Anyone with any basic knowledge of exorcism in the movies knows that you need a young priest and an old priest so Kim gets a sidekick in the form of the equally unusual Deacon, Choi, who is not exactly a model student at the seminary. Choi is initially quite excited to be assisting in such an arcane ritual even if his chief job title is “pig sitter” and his new “boss” is a gruff and world weary man who he has also been asked to spy on just in case this is all down to Kim acting “inappropriately” with an underage girl rather than a visitation from an even more ancient evil.
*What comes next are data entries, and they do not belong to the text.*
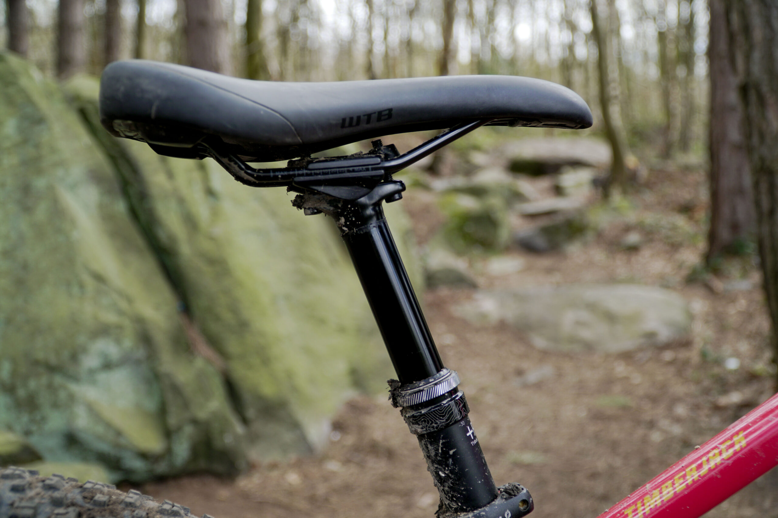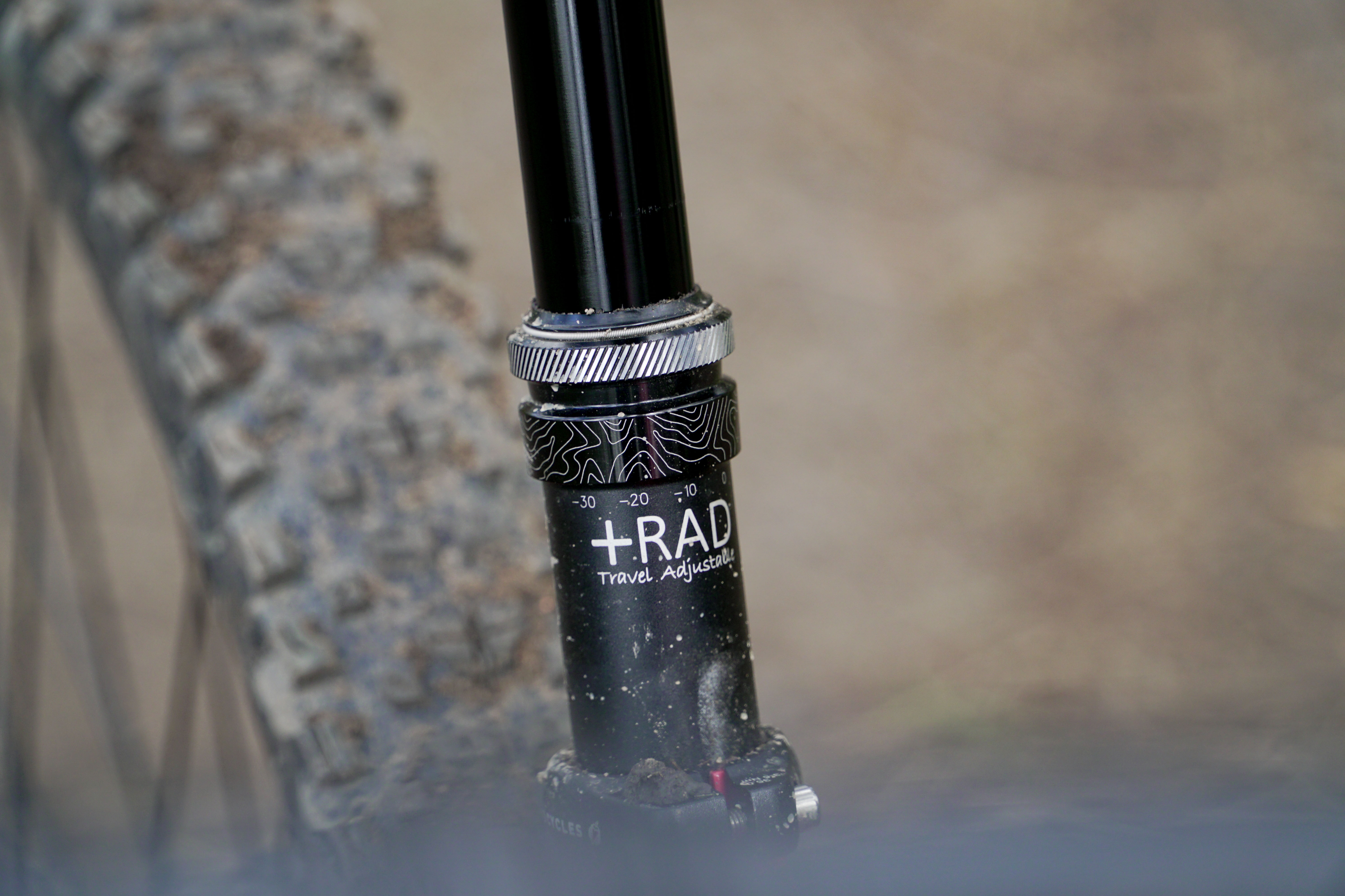 To remind us it is a Salsa, you get a pair of top tube bento box mounts and three bosses on the down tube. The chilli/tomato red frame we have here is the SLX build kit option, with 130mm RockShox Silver RC35 air fork, Shimano SLX shifters and derailleur, Shimano MT401 brakes, and TranzX travel adjustable dropper post. The dropper length varies with frame size, and our medium has a maximum 150mm of drop that offers tool-free adjustment in 10mm increments up to 30mm. It seems clear that there have been a couple of compromises in order to get this Timberjack in on the budget of the casual adventurer, most notably on the brakes. They work, but the ergonomics are a leap away from the single-finger-friendly levers we’ve become accustomed to and are even described by Shimano as an entry level mountain bike brake with two-finger lever. The fork too is a little less plush than pricier models, but at the ‘trail’ end of things rather than ‘enduro’ it’s fine.
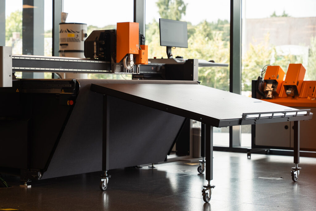 På den andre siden av skjærebordet er avlastningsbordet, som har stopp som holder det ferdige materialet på plass.
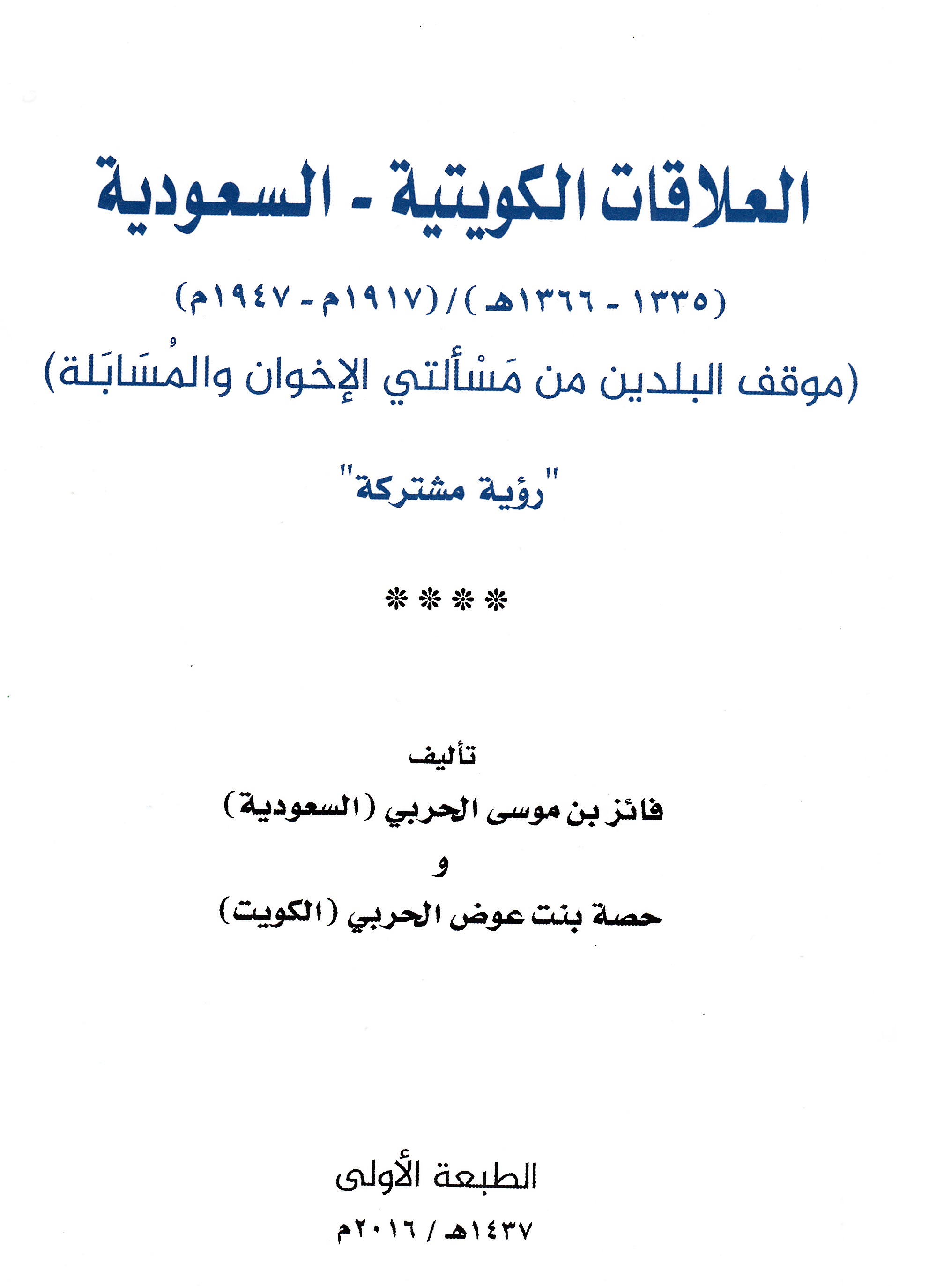 كتاب جديد يتطرق إلى موضوع العلاقات الكويتية - السعودية في الحقبة الممتدة من 1917م حتى عام 1947م , تتبع فيها الباحثان أهم الحوادث التي جرت في تلك الحقبة التاريخية , والتي لها انعكاستها على الأوضاع الداخلية والخارجية بين البلدين , في محاولة إلقاء الضوء عليها برؤية مشتركة أعدها باحثان كل منهما ينتمي إلى البلدين , وتأتي أهمية الكتاب من كونه يتناول حوادث ومواقف كان أثرها واضحا على طبيعة العلاقات الكويتية - السعودية وبخاصة ما يتعلق بقضتي الإخوان والمسابلة اللتين كانتا المحور الأساسي للكتاب , واعتمدا الباحثان على وثائق جديدة لم تنشر من قبل أهمها الوثائق الأهلية المحفوظة لدى للعائلات في البلدين والوثائق الإنجليزية

Needlessly to say, Choi quickly discovers Father Kim has been speaking nothing but the truth and he is in way over his head.
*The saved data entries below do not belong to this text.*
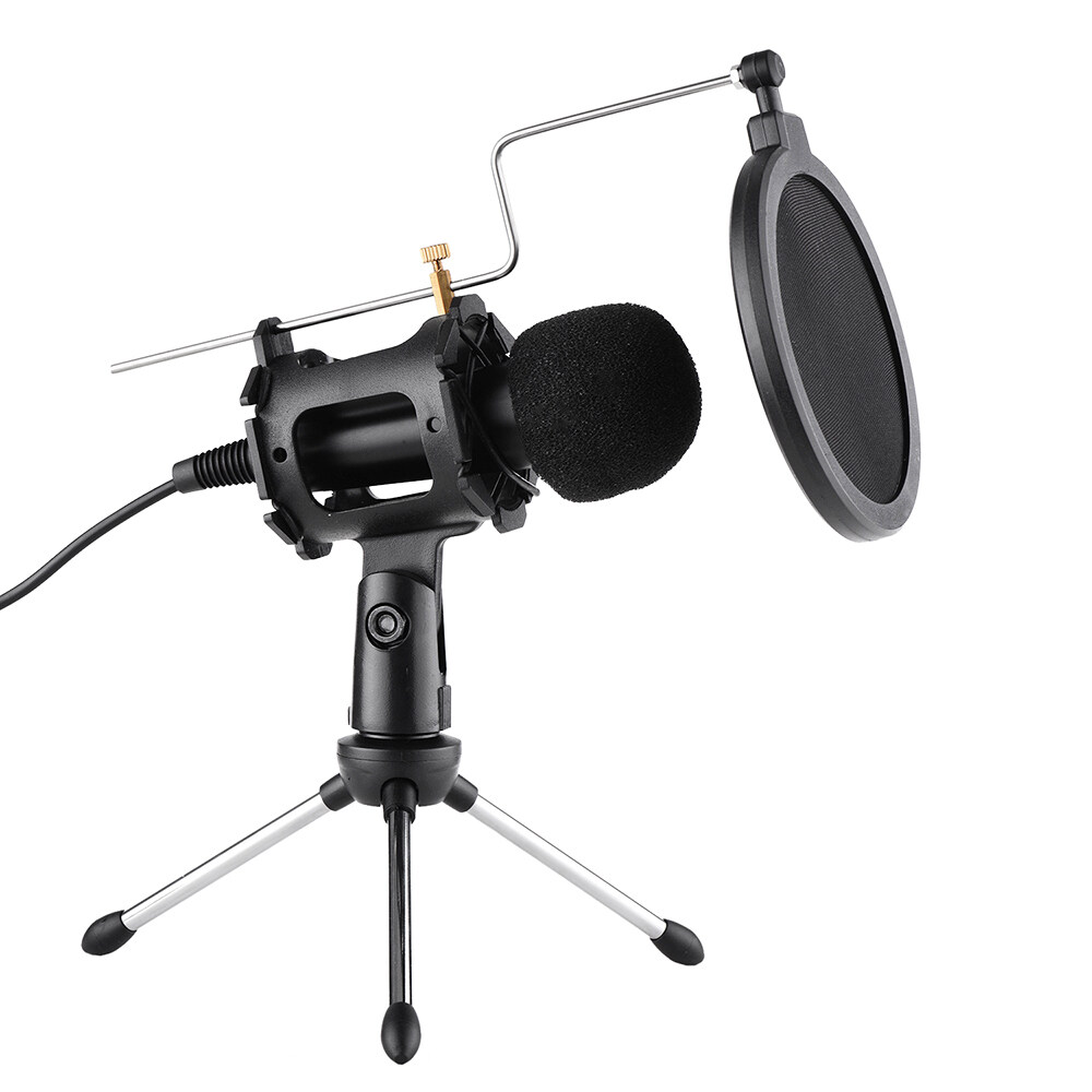 Microphone with Table Tripod: This is a table microphone kit which includes mini microphone, tripod, shock mount, pop filter, windshield and adapter cable.
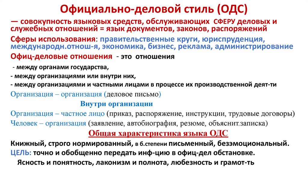 Официально-деловой стиль (ОДС)— совокупность языковых средств, обслуживающих СФЕРУ деловых и
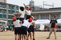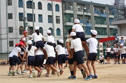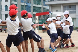 高学年の競技のようすです。騎馬戦の一騎打ちは大変盛りあがりました。棒引きでは、互いに一歩も引かない姿が印象に残りました。
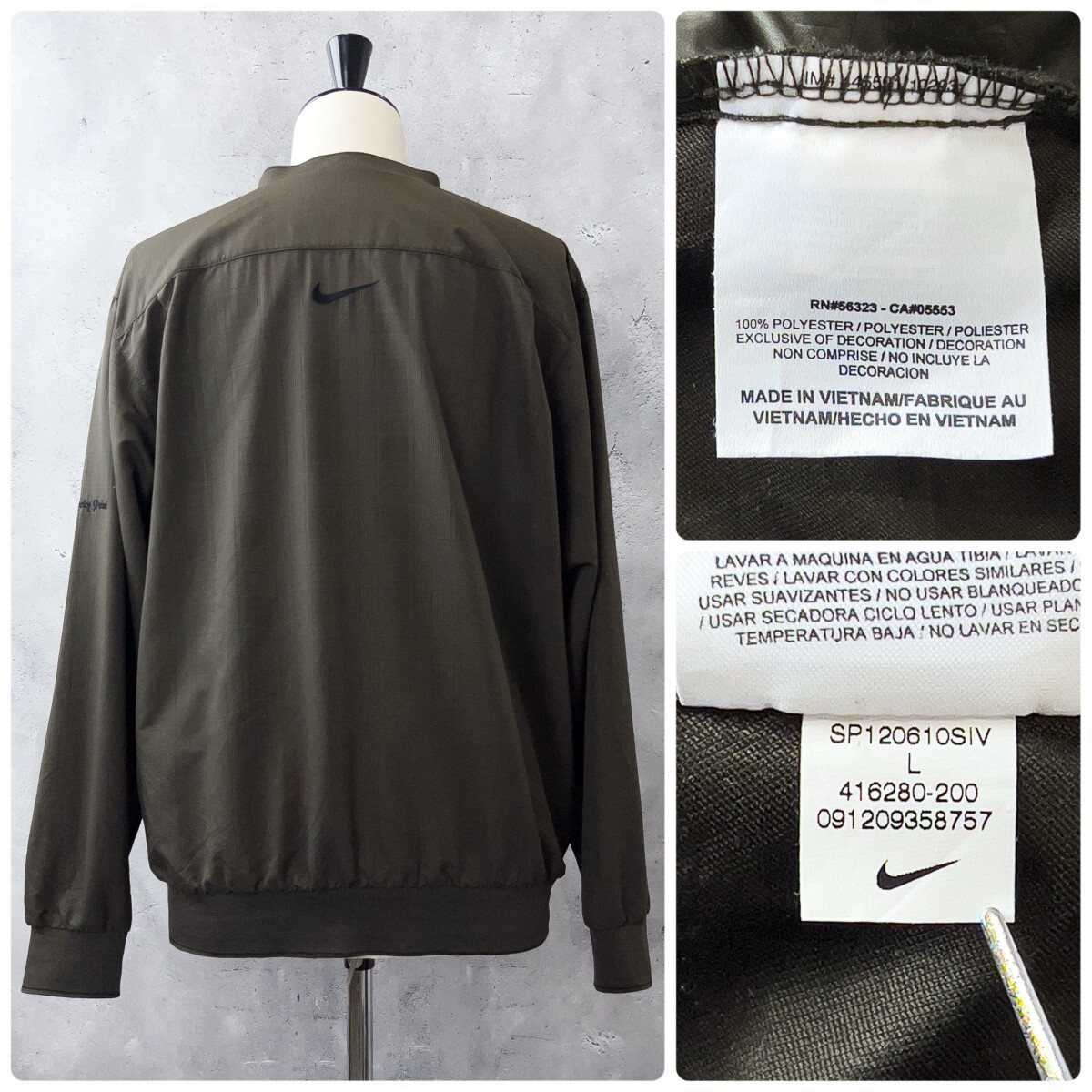 NIKE GOLF ナイキ ゴルフ Vネック 長袖 スニード プルオーバー ナイロン ジャケット ウインドブレーカー メンズ L カーキ ゴルフウェア

Though this is a Catholic crisis bound up with Christian cosmology and centuries old rites, this is still Korea and so Eastern concerns seep into the Western religiosity. The night Kim has chosen for his final assault coincides with the Buddhist feast of the Hungry Ghost when the dead return to visit the living and one of the criteria that made Choi a prime choice for the role of the assistant is that he was born in the year of the Tiger and therefore supposedly more spiritually sensitive. In a quest to help the girl, all avenues are being explored so shamanistic rites are also performed (though with little success) and Kim seems to have a kind of professional respect for his shamanic counterpart even if the two obviously disagree on some quite fundamental things.

Thanks to its double layer of exoticised mysticism, The Priests quickly works up a supernaturally charged atmosphere though its eyes are strictly on entertainment rather than exposing any deep seated social concerns.The possessed girl calls forth animals, speaks in tongues offering bizarre and disturbing prophesies, and eventually projectile vomits blood and snakes all over a painting of the Virgin Mary yet the film never aims for the shock factor that defined Friedkin’s The Exorcist. Though tagged as horror, The Priests is not particularly frightening (jump scares aside) but does manage to evoke a kind of ever present dread in the face of this unfaceable threat.

Despite the heavy atmosphere, Jang is careful to allow the occasional comic episode providing a welcome break from the seriousness of the war against ancient evil. Impressive action sequences including the early serial car crash and later chase sequence add to the urgency of the situation whilst also alleviating some of the ever increasing tension. Though he visits some dark places, Jang’s world view is not as bleak as Friedkin’s as we’re left with a feeling of restitution, once the original threat removed, though we obviously know that other such threats remain. The heroic ending allows us to forget this for a moment as we enjoy the right and proper victory of good over evil, neglecting that this is but one of many battles in an eternal, celestial war.


Reviewed at a Teaser Screening for the upcoming London Korean Film Festival to take place in November 2016.